Created 06-25-2017 03:39 PM
Hello,
I've NiFi (standalone instance 1.0.1) GetHDFS with this cron schedule - 0 30 0 * * ?
I want the processor to start at 12:30 AM daily; so, with the above schedule, the processor started at the expected time this morning and some files have been read, but it hasn't finished reading all the files; I had quite a few files to read in the directory yesterday and right now it still has 1200+ files left in the directory; I have the "Keep Source File" set to false, so it would/should delete the files as it reads; that shows the files left in the directory haven't been read by the processor;
My understanding is, with the above schedule, once GetHDFS starts, it should keep reading until all the files in the directory are exhausted; but I'm not understanding why some files are still left.
Please help, thank you.
Created 06-28-2017 05:20 PM
Thanks to @Bryan Bende, I needed to change the batch size property in GetHDFS, to read all files in the directory.
Created 06-26-2017 10:08 AM
Created 06-26-2017 01:41 PM
@Shashank Chandhok the schedule change to "0,30 30 0 * * ?" helped to read few additional files, but many files still remain in the directory
Created 06-26-2017 02:36 PM
Please check the timestamps of the files remaining in the directory. If they are being added during the process run time.

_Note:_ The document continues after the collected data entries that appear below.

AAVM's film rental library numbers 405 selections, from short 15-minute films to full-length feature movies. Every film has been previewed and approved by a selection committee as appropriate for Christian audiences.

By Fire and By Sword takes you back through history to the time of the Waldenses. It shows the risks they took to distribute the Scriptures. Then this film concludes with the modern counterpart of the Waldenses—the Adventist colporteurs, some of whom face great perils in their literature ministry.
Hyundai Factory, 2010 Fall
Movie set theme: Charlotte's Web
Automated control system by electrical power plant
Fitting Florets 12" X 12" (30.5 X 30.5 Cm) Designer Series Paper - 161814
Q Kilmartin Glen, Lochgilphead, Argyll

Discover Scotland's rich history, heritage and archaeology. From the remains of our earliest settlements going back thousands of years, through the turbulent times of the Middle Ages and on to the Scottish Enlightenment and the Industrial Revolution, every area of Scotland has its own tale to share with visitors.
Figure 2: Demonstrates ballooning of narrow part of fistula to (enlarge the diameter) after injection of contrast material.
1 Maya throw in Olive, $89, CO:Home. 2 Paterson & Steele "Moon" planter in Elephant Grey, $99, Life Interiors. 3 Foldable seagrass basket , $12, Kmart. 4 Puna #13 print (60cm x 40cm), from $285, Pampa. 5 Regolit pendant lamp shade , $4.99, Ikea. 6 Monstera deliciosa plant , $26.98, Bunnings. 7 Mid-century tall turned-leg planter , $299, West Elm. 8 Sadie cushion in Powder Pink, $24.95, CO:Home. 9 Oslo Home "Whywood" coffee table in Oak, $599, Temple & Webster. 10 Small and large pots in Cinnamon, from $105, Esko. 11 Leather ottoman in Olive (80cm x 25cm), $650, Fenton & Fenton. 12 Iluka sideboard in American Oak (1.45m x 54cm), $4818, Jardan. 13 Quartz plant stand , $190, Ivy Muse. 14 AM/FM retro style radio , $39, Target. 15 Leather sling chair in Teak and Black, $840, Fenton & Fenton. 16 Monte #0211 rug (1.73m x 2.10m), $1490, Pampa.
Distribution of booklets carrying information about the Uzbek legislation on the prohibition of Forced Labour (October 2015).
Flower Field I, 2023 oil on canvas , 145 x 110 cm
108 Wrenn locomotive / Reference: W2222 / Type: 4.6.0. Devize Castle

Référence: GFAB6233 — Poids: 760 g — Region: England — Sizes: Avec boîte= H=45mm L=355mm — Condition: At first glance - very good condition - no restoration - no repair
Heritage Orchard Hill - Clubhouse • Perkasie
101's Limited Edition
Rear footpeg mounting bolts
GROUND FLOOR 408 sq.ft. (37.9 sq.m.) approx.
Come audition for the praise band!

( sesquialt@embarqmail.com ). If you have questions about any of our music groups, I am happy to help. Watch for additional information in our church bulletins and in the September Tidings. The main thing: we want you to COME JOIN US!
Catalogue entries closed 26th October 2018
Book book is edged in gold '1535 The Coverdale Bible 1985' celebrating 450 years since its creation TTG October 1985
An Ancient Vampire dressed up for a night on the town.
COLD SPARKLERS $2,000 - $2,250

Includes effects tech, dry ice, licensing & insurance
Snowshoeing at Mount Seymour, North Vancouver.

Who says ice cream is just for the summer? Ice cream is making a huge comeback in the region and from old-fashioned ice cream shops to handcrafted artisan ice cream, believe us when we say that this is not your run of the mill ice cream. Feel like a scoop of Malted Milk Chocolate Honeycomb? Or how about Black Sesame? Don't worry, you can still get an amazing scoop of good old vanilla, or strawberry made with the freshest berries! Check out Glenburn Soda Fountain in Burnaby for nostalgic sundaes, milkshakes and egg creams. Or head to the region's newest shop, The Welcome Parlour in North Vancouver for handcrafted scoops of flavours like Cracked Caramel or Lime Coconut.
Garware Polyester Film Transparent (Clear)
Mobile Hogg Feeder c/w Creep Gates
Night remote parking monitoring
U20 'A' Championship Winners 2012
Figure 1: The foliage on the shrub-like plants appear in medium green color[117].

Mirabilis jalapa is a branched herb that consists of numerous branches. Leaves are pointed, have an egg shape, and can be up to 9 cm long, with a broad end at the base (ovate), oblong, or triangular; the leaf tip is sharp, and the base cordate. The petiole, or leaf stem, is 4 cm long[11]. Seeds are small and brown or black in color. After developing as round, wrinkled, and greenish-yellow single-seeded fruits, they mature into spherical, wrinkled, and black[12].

Or if the timestamp is older than the CRON runtime of the processor.
Created 06-26-2017 03:06 PM
@Shashank Chandhok actually, the files I'm trying to process are from the day before; in my directory path in GetHDFS processor, I'm using expression language to point to the directory that was created yesterday and the files in that directory are from yesterday. So when the CRON scheduler starts at 12:30 am, all files that would need to be processed should all be there already in that directory.
Created 06-26-2017 03:09 PM
Not sure why I need to schedule the GetHDFS processor to run continuously (I set to run every 15 seconds), but this schedule exhausts all files from the directory - 0/15 * * * * ?
In my case since I'm loading files the next day (GetHDFS directory path points to previous day's directory), this resolves the issue I was facing.
Created 06-28-2017 05:20 PM
Thanks to @Bryan Bende, I needed to change the batch size property in GetHDFS, to read all files in the directory.